14. Edward in action
Two-layer Bayesian neural
network.
Set priors uninformative but
at least somewhere near
results.
Posteriors after 1000
iterations.
15. Edward results
Biased for the lowest ages.
Doesn’t capture interaction
effect for lower ages.
Thompson sampling: when
searching max dose, treat
test subjects with doses
sampled from distribution.
16. Frequentist comparison
Frequentists show the effect
more clearly.
Assuming you actually have
the correct model
assumptions.
Posterior draws always
normal distributions, no
option to balance between
including or not including
interaction term.
17. Edward age as integer input
Trying to smooth by taking
age as single integer input
variable.
Bias variance trade-off.
Better at capturing
interaction effects, draws
look nice.
Doesn’t capture uncertainty
for lowest ages.
18. Frequentist vs. Bayesian neural network
Human hypothesis vs.
discovering with machine
learning.
Simple and specific input
variables (age and gender)
vs. many more possible
input variables (e.g. DNA or
smart sensor data)?
Problems with current
scientific incentives of
publication and going to
market in pharmaceutics.
19. Data volume: data from practice
The biggest problem is acquiring sufficient data to find
specific relationships, interactions and effects.

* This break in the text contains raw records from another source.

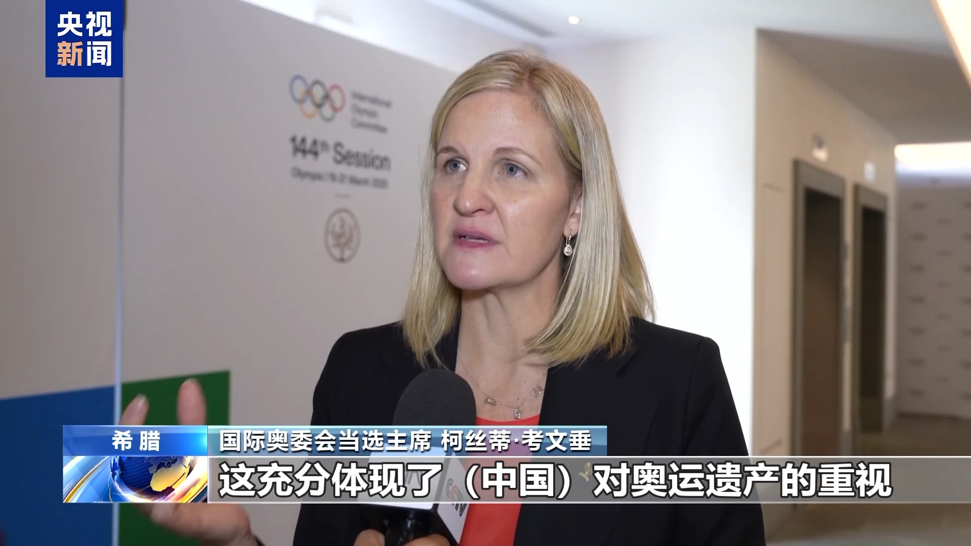 当地时间3月20日,在希腊举行的国际奥委会第144次全会上,来自津巴布韦的柯丝蒂·考文垂当选为国际奥委会主席。3月21日,柯丝蒂·考文垂接受了总台记者的采访。
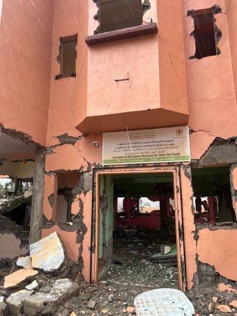 بعد مرور أكثر من عامين على زلزال الحوز، تُظهر الأرقام الرسمية أن وتيرة تأهيل البنية التحتية الأساسية في الإقليم لا تزال متفاوتة بين القطاعات. في منطقة "تلات نيعقوب" القريبة من مركز الزلزال، وثقنا انهياراً في دار الطالب ودار الطالبة المنجزة في إطار المبادرة الوطنية للتنمية البشرية، بقيتا على حالهما منذ 2023، بل أصبحتا مأوى للكلاب الضالة، بحسب مشاهداتنا.
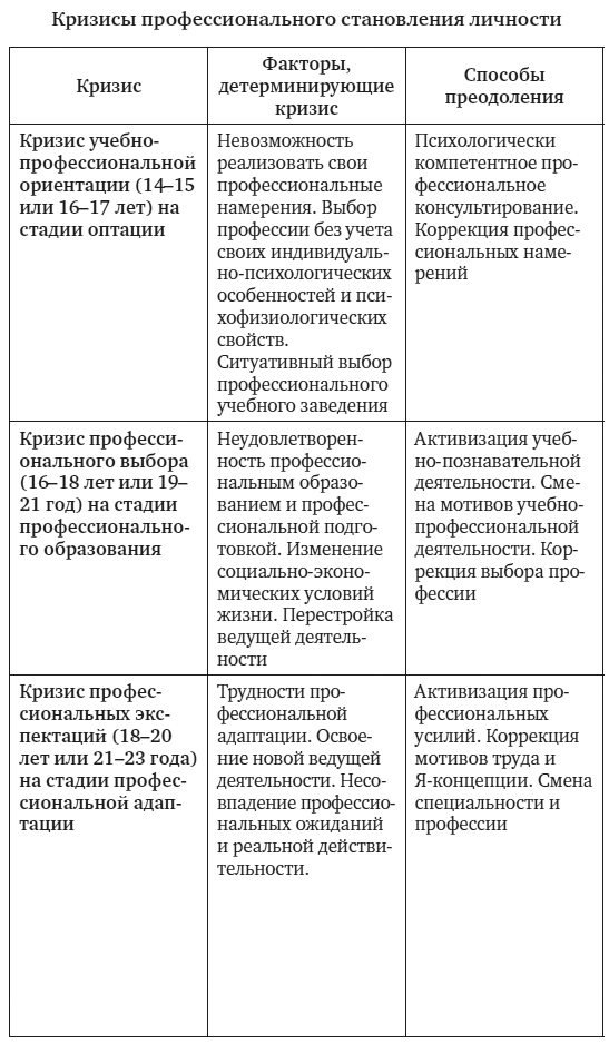 Противоречия между желаемой карьерой и ее реальными перспективами приводят к развитию кризиса профессиональной карьеры. Продуктивный выход из него – новаторство, изобретательство, стремительная карьера, социальная и профессиональная сверхнормативная активность. Деструктивные варианты разрешения кризиса – увольнение, конфликты, профессиональный цинизм, алкоголизм, создание новой семьи, депрессия.
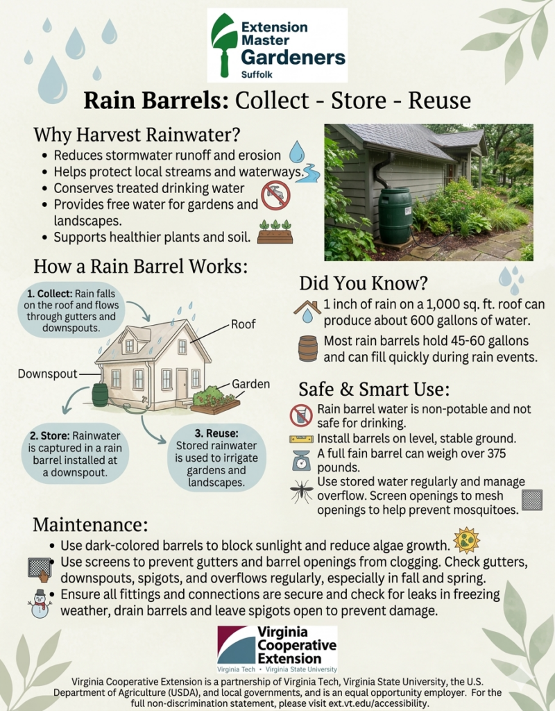 Suffolk Master Gardeners is excited to offer a Rain Barrel Workshop for community members interested in conserving water and making use of natural rainfall at home.

What if every treatment could be used as a data point?
Remove the strict boundary between research and application.
Thompson sampling in daily use:
Continuously update distributions with data from practice.
Sample optimal treatment from distributions.
20. Practical and ethical challenges
Practical challenges.
Would you want to be treated according to a randomly
sampled belief or the most likely belief?
Would you always want to be in an experiment?
However, current system is unfair because:
Unfair towards effects and side effects for minorities, because
you need to wait until somebody comes with a hypothesis and
start researching.
Longer time for a medicine to go to market, unfair for patients
that cannot get the treatment (yet).
21. Conclusion
Consider the cost of data acquisition as an essential topic for
any data scientist.
Strategic design of data collection, consider Thompson
sampling.
Edward is definitely worth discovering.
There is no such thing as a free lunch!